● YOUR GOAL
Please return the full listing. Every line must match exactly.
■ ■ ■
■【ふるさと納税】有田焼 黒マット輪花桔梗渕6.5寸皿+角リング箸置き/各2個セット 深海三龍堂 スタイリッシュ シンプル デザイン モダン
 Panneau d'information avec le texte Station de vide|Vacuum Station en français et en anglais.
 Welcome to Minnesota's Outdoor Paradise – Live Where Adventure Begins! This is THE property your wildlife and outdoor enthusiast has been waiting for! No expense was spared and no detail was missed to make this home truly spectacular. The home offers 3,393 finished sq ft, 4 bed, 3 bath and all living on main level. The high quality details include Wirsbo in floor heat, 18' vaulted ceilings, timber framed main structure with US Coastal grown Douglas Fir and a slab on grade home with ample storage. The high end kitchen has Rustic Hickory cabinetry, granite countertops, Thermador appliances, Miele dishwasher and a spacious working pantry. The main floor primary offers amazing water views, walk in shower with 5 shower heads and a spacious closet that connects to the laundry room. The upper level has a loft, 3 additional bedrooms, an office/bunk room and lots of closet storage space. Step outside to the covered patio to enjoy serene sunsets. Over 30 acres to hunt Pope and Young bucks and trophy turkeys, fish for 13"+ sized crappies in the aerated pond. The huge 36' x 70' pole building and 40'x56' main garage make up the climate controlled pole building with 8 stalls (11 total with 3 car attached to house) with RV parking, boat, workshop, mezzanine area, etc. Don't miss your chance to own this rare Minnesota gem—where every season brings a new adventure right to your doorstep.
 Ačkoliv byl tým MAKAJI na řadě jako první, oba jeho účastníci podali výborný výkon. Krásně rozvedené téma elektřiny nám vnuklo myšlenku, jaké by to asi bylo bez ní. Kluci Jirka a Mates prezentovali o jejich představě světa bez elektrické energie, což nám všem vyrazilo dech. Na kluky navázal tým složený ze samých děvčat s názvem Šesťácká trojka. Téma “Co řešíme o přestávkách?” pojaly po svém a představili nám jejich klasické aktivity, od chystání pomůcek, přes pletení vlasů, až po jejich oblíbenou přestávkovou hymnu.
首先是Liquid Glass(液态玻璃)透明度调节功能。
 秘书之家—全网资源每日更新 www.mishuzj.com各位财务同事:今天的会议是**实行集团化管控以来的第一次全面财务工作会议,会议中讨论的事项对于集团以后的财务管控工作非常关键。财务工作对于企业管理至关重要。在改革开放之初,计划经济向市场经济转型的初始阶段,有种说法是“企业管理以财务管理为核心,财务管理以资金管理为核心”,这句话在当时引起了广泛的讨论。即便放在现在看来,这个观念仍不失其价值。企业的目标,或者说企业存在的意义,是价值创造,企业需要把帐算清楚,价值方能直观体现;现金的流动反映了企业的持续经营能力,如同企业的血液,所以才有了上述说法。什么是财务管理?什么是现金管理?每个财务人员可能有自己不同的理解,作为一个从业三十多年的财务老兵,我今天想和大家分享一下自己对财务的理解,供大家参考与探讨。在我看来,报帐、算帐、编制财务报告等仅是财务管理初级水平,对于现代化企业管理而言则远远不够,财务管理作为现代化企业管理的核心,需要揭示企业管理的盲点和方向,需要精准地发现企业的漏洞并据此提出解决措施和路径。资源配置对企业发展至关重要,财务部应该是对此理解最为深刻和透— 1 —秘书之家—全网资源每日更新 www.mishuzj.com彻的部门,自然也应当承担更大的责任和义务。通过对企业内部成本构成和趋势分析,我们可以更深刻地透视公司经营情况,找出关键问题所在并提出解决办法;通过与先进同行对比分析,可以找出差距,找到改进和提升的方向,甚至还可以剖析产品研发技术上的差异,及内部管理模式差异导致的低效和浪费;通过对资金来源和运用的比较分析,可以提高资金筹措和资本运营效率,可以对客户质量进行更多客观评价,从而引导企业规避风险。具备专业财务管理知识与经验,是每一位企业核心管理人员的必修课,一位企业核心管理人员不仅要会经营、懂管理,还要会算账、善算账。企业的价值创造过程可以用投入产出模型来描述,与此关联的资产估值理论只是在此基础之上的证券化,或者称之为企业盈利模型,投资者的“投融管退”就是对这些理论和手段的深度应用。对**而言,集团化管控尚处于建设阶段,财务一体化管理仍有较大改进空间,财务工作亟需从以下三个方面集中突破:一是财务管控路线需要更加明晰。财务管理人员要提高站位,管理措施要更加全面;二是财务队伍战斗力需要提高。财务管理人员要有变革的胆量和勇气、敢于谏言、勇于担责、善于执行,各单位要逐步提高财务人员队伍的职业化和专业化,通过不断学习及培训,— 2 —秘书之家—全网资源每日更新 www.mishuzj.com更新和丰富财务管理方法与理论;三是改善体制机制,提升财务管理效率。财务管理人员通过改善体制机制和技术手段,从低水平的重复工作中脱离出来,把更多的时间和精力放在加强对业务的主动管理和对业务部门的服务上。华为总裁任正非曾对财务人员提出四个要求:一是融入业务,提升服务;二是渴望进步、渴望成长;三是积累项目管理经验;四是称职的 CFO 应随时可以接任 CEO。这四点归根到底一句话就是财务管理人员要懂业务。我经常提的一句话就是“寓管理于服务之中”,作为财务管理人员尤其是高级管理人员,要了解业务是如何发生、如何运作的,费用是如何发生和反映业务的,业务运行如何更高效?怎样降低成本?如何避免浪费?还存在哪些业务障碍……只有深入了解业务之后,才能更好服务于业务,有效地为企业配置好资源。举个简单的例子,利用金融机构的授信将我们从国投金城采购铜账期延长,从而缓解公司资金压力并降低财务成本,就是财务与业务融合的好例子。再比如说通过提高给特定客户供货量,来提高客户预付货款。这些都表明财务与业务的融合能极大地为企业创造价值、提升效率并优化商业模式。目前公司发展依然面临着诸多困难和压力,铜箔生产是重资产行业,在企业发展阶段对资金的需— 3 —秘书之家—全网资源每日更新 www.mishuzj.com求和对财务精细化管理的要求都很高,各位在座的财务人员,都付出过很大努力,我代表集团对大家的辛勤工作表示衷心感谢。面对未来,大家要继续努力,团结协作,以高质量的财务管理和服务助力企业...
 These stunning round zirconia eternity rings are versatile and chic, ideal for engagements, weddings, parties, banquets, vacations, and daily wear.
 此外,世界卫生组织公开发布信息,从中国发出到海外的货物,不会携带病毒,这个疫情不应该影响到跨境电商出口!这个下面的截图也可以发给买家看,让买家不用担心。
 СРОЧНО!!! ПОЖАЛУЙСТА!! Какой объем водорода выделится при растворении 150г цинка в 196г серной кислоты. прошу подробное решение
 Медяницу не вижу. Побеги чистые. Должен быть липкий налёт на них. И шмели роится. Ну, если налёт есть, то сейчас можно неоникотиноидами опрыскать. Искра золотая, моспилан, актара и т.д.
■ ■ ■
● SOLUTION TO THIS PROBLEM
■【ふるさと納税】有田焼 黒マット輪花桔梗渕6.5寸皿+角リング箸置き/各2個セット 深海三龍堂 スタイリッシュ シンプル デザイン モダン
 Panneau d'information avec le texte Station de vide|Vacuum Station en français et en anglais.
 Welcome to Minnesota's Outdoor Paradise – Live Where Adventure Begins! This is THE property your wildlife and outdoor enthusiast has been waiting for! No expense was spared and no detail was missed to make this home truly spectacular. The home offers 3,393 finished sq ft, 4 bed, 3 bath and all living on main level. The high quality details include Wirsbo in floor heat, 18' vaulted ceilings, timber framed main structure with US Coastal grown Douglas Fir and a slab on grade home with ample storage. The high end kitchen has Rustic Hickory cabinetry, granite countertops, Thermador appliances, Miele dishwasher and a spacious working pantry. The main floor primary offers amazing water views, walk in shower with 5 shower heads and a spacious closet that connects to the laundry room. The upper level has a loft, 3 additional bedrooms, an office/bunk room and lots of closet storage space. Step outside to the covered patio to enjoy serene sunsets. Over 30 acres to hunt Pope and Young bucks and trophy turkeys, fish for 13"+ sized crappies in the aerated pond. The huge 36' x 70' pole building and 40'x56' main garage make up the climate controlled pole building with 8 stalls (11 total with 3 car attached to house) with RV parking, boat, workshop, mezzanine area, etc. Don't miss your chance to own this rare Minnesota gem—where every season brings a new adventure right to your doorstep.
 Ačkoliv byl tým MAKAJI na řadě jako první, oba jeho účastníci podali výborný výkon. Krásně rozvedené téma elektřiny nám vnuklo myšlenku, jaké by to asi bylo bez ní. Kluci Jirka a Mates prezentovali o jejich představě světa bez elektrické energie, což nám všem vyrazilo dech. Na kluky navázal tým složený ze samých děvčat s názvem Šesťácká trojka. Téma “Co řešíme o přestávkách?” pojaly po svém a představili nám jejich klasické aktivity, od chystání pomůcek, přes pletení vlasů, až po jejich oblíbenou přestávkovou hymnu.
首先是Liquid Glass(液态玻璃)透明度调节功能。
 秘书之家—全网资源每日更新 www.mishuzj.com各位财务同事:今天的会议是**实行集团化管控以来的第一次全面财务工作会议,会议中讨论的事项对于集团以后的财务管控工作非常关键。财务工作对于企业管理至关重要。在改革开放之初,计划经济向市场经济转型的初始阶段,有种说法是“企业管理以财务管理为核心,财务管理以资金管理为核心”,这句话在当时引起了广泛的讨论。即便放在现在看来,这个观念仍不失其价值。企业的目标,或者说企业存在的意义,是价值创造,企业需要把帐算清楚,价值方能直观体现;现金的流动反映了企业的持续经营能力,如同企业的血液,所以才有了上述说法。什么是财务管理?什么是现金管理?每个财务人员可能有自己不同的理解,作为一个从业三十多年的财务老兵,我今天想和大家分享一下自己对财务的理解,供大家参考与探讨。在我看来,报帐、算帐、编制财务报告等仅是财务管理初级水平,对于现代化企业管理而言则远远不够,财务管理作为现代化企业管理的核心,需要揭示企业管理的盲点和方向,需要精准地发现企业的漏洞并据此提出解决措施和路径。资源配置对企业发展至关重要,财务部应该是对此理解最为深刻和透— 1 —秘书之家—全网资源每日更新 www.mishuzj.com彻的部门,自然也应当承担更大的责任和义务。通过对企业内部成本构成和趋势分析,我们可以更深刻地透视公司经营情况,找出关键问题所在并提出解决办法;通过与先进同行对比分析,可以找出差距,找到改进和提升的方向,甚至还可以剖析产品研发技术上的差异,及内部管理模式差异导致的低效和浪费;通过对资金来源和运用的比较分析,可以提高资金筹措和资本运营效率,可以对客户质量进行更多客观评价,从而引导企业规避风险。具备专业财务管理知识与经验,是每一位企业核心管理人员的必修课,一位企业核心管理人员不仅要会经营、懂管理,还要会算账、善算账。企业的价值创造过程可以用投入产出模型来描述,与此关联的资产估值理论只是在此基础之上的证券化,或者称之为企业盈利模型,投资者的“投融管退”就是对这些理论和手段的深度应用。对**而言,集团化管控尚处于建设阶段,财务一体化管理仍有较大改进空间,财务工作亟需从以下三个方面集中突破:一是财务管控路线需要更加明晰。财务管理人员要提高站位,管理措施要更加全面;二是财务队伍战斗力需要提高。财务管理人员要有变革的胆量和勇气、敢于谏言、勇于担责、善于执行,各单位要逐步提高财务人员队伍的职业化和专业化,通过不断学习及培训,— 2 —秘书之家—全网资源每日更新 www.mishuzj.com更新和丰富财务管理方法与理论;三是改善体制机制,提升财务管理效率。财务管理人员通过改善体制机制和技术手段,从低水平的重复工作中脱离出来,把更多的时间和精力放在加强对业务的主动管理和对业务部门的服务上。华为总裁任正非曾对财务人员提出四个要求:一是融入业务,提升服务;二是渴望进步、渴望成长;三是积累项目管理经验;四是称职的 CFO 应随时可以接任 CEO。这四点归根到底一句话就是财务管理人员要懂业务。我经常提的一句话就是“寓管理于服务之中”,作为财务管理人员尤其是高级管理人员,要了解业务是如何发生、如何运作的,费用是如何发生和反映业务的,业务运行如何更高效?怎样降低成本?如何避免浪费?还存在哪些业务障碍……只有深入了解业务之后,才能更好服务于业务,有效地为企业配置好资源。举个简单的例子,利用金融机构的授信将我们从国投金城采购铜账期延长,从而缓解公司资金压力并降低财务成本,就是财务与业务融合的好例子。再比如说通过提高给特定客户供货量,来提高客户预付货款。这些都表明财务与业务的融合能极大地为企业创造价值、提升效率并优化商业模式。目前公司发展依然面临着诸多困难和压力,铜箔生产是重资产行业,在企业发展阶段对资金的需— 3 —秘书之家—全网资源每日更新 www.mishuzj.com求和对财务精细化管理的要求都很高,各位在座的财务人员,都付出过很大努力,我代表集团对大家的辛勤工作表示衷心感谢。面对未来,大家要继续努力,团结协作,以高质量的财务管理和服务助力企业...
 These stunning round zirconia eternity rings are versatile and chic, ideal for engagements, weddings, parties, banquets, vacations, and daily wear.
 此外,世界卫生组织公开发布信息,从中国发出到海外的货物,不会携带病毒,这个疫情不应该影响到跨境电商出口!这个下面的截图也可以发给买家看,让买家不用担心。
 СРОЧНО!!! ПОЖАЛУЙСТА!! Какой объем водорода выделится при растворении 150г цинка в 196г серной кислоты. прошу подробное решение
 Медяницу не вижу. Побеги чистые. Должен быть липкий налёт на них. И шмели роится. Ну, если налёт есть, то сейчас можно неоникотиноидами опрыскать. Искра золотая, моспилан, актара и т.д.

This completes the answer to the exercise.